No one could hold a candle to it Black Sabbath for their first six albums, but by 1976 the knots frayed by bad contracts, fraudulent bookkeeping, alcohol and drug abuse and utter mental and physical exhaustion began to quickly unravel. The 1976s Technical Ecstasy was an unfocused record without much bite. The end of an era came less than two years later when Black Sabbath released their final 70s album with Ozzy Osbourne on vocals, Never say die!, which was published Sept. 28, 1978.
The band started working on Never say die! in January 1978 at a time when few of the band members were able to play “Louie, Louie,” let alone write a new album. In an effort to be progressive and innovative, they brought in horns, piano, clean guitars. The whole scene was a recipe for disaster, and it was a dish that would take a while to prepare even the initial stages of, as lead singer Ozzy Osbourne was nowhere to be found.

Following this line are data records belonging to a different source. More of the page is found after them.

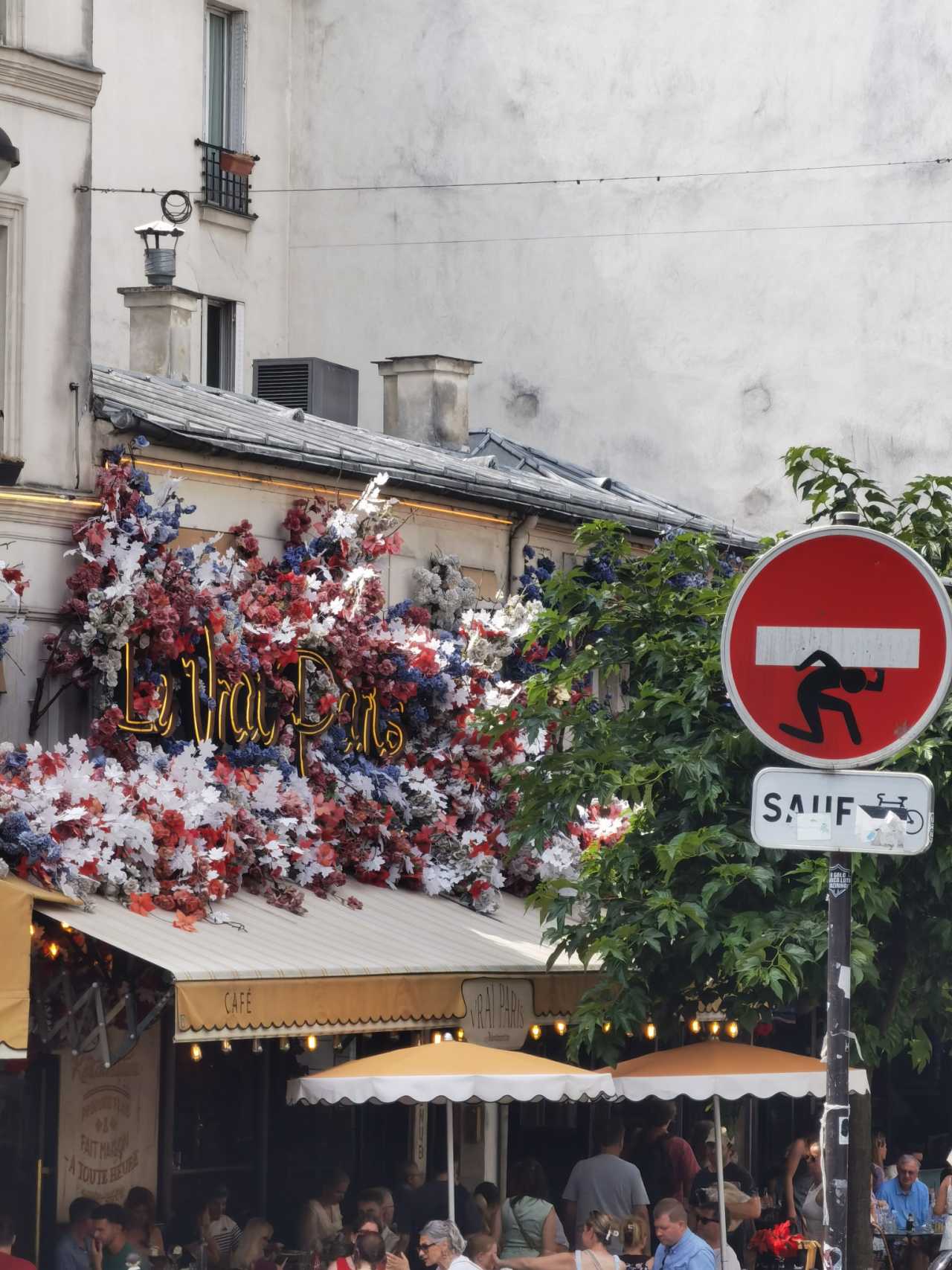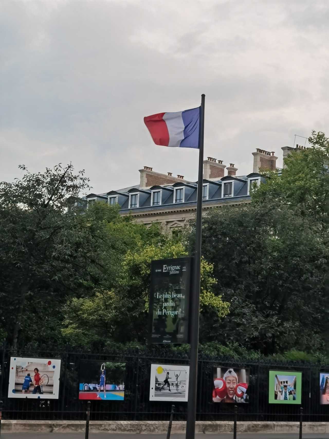 Finally, a shot of the French flag—to commemorate not joining the National Day crowds. In the morning on the way to the opera house, we saw soldiers returning by bus after the parade and a few armored vehicles. Some people were taking photos with the soldiers, hhh.
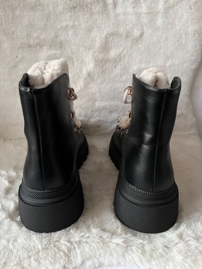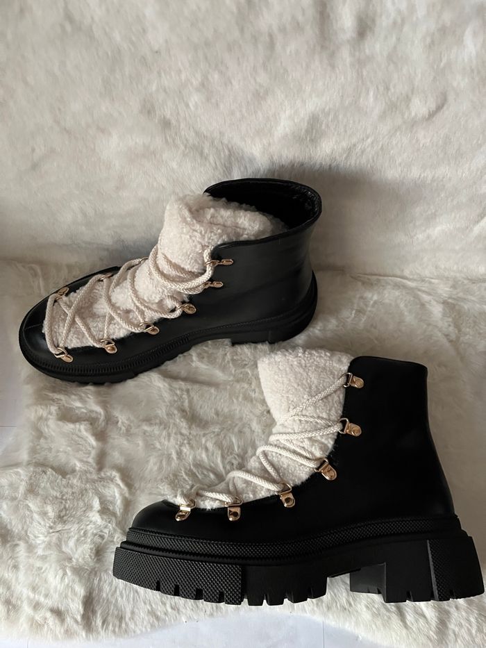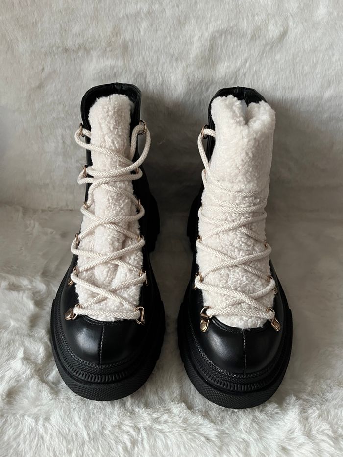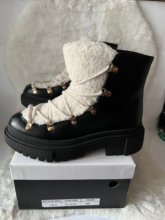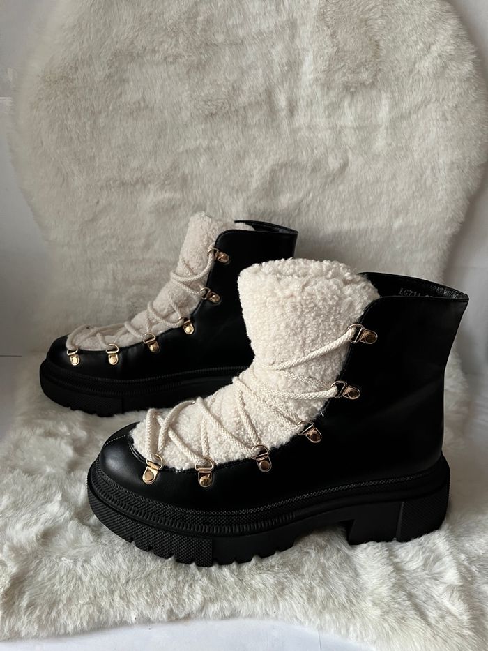 Bottines noires et moumoute crème Lady Glory pointure 39
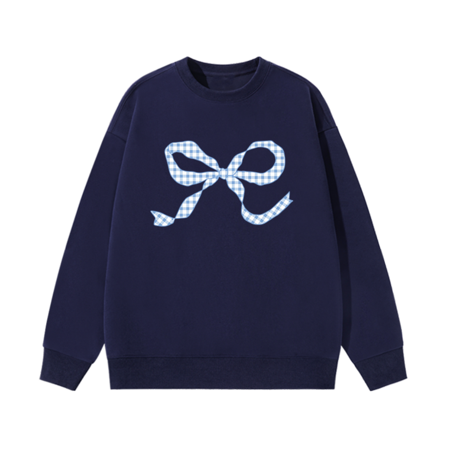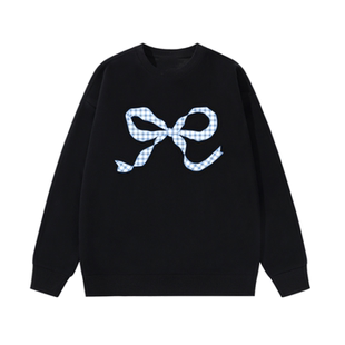 韩版 格子蝴蝶结圆领韩系慵懒风重磅卫衣女2025新款 款 秋季 上衣 爆款
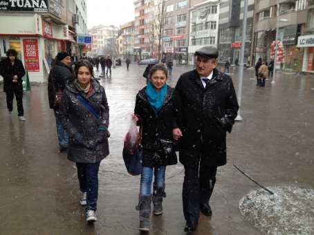 Kar yağışının etkili olduğu kent merkezinde renkli görüntüler ortaya çıktı. Sık sık sokaklarda yürüyerek vatandaşlarla sohbet etmeyi gelenek haline getiren Belediye Başkanı Alaaddin Yılmaz, kar yağışı altında yine yürüyüşe çıktı. İzzet Baysal Caddesi’ndeki yürüyüş sırasında yanına gelen Abant İzzet Baysal Üniversitesi (AİBÜ) Meslek Yüksekokulu 1.Sınıf öğrencisi Zeynep Çeliktaş ve lise mezunu Emine Çetinkaya sohbet etmeye başladı. Kız öğrencileri koluna takan Başkan Yılmaz, arka arkaya sorulan sorulara yanıt verdi. Kız öğrenciler, “Başkanım, bu caddedeki çalışma ne zaman bitecek. Bu dikilen ağaçlar ne ağacı” diye sordu. Başkan Yılmaz da çalışmaların hava koşullarına göre en kısa sürede biteceğini söylerken, caddeye dikilen ağaçların ise ıhlamur ağacı olduğunu söyledi.
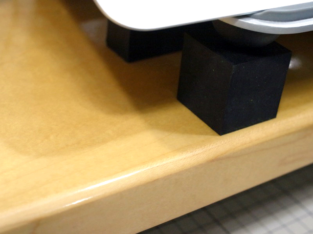 手近なオーディオ機器によいサンプルがなかったので…このメタルラックのデスクボードはメイプル突き板仕上げの上にウレタン塗装
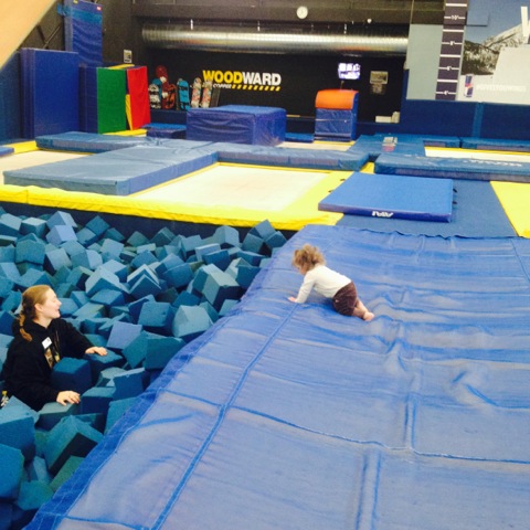 Copper is the best place to prepare the littlest ones for actual skiing with its impressive action sports training ground called Woodward Copper Barn, a 19,400- square- foot year-round snowboard and ski training camp with programs for skiing, skateboarding, BMX and slope-style mountain biking. And, yes, the Barn is a great place to prepare a 14-month-old for eventual skiing, with its enormous beginner foam pit and a trainer to show the little one how to jump into it, crawl through tunnels, and hula hoop. Our little one didn’t even realize she was having a full hour of supervised exercise in the barn; she thought it was just plain fun.
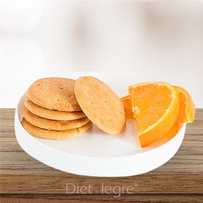 Kulaté sušenky s příchutí pomeranče s vysokým obsahem bílkovin a vlákniny, se sladidly,

“We would make plans to get together and he would pull these disappearing acts,” guitarist Tony Iommi told me in 2010. “We were so far away, it would take us a while to notice he was missing. Someone would say, ‘Well, where’s Ozzy?’ And then we’d say, ‘Oh, yeah, I guess he’s f—ed away again. He’ll be back soon.’ And that meant just me and Bill [Ward] would go back to what we were doing, which wasn’t good for anyone, especially us – mostly lots of drugs and drinking.”
One day, Osbourne showed up, told his bandmates he was quitting, and then disappeared again. At the time, Black Sabbath did not want to continue without their singer. But when Osbourne didn’t return or call, they hired ex-Savoy Brown and Fleetwood Mac vocalist Dave Walker to work with them on Never say die! After writing a handful of songs, Osbourne contacted Sabbath and said he would work on the record, but he would not sing on anything they wrote with Walker.
“The situation was a mess,” Iommi said. “We were already behind. So the record company was bothering us and we didn’t have anything to show them. Ozzy wants us to start over. We write during the day and try to record at night. I think there was some good stuff there, but it’s hard to keep your footing when you feel like things are falling apart.”
Black Sabbath took three months off after Osbourne’s father died. The rest of Black Sabbath sympathized with Osbourne, but did not want to wait another six months to finish. They did what they could during that time and even got drummer Bill Ward to sing lead vocals on the album closer.”Oscillation of the chain.”
Black Sabbath, “Swinging the Chain”
Finally, Osbourne reunited with his bandmates at Sound Interchange Studios in Toronto, Ontario and tracked most of his vocals for Never say die!. When the final overdubs were completed in May 1978, no one could have been happier than the band. “Let’s just say, yeah, it was definitely not our finest hour,” Iommi said. “I can tell you that.”
While many have criticized the meandering composition and lack of aggression of Never say die!Ward defended the album, claiming the adventurous forays into jazz on “Johnny Blade“and”Aerial dance” were innovative and original.
Black Sabbath, “Johnny Blade”
Thanks in part to the self-titled hard rock single, which was propulsive, upbeat and free or horns and keys, Never say die! got a brief push at rock radio, debuting at No. 69 on the Billboard albums chart. But the boost didn’t last and a trip along Van Halen was a wakeup call for Black Sabbath, whose pioneering sound was usurped by a new breed of guitar heroes led by Eddie Van Halen.
Black Sabbath, “Never Say Die”
Never say die! went gold in November 1997, more than 19 years after it was released and is still considered the least successful album of the original Ozzy era just above or below (depending on who you talk to) Technical Ecstasy. In 2013, Black Sabbath was released 13their first studio album with Osbourne on vocals in 35 years.
Loudwire contributor Jon Wiederhorn is the author of Raising Hell: Backstage Tales From the Lives of Metal Legendsco-author of Louder Than Hell: Metal’s Definitive Oral Historyas well as the co-author of Scott Ian’s autobiography, I’m the Man: The Story of That Guy From Anthraxand Al Jourgensen’s autobiography, The Ministry: The Lost Gospels According to Al Jourgensen and the Agnostic Front book My riot! Grit, Guts and Glory.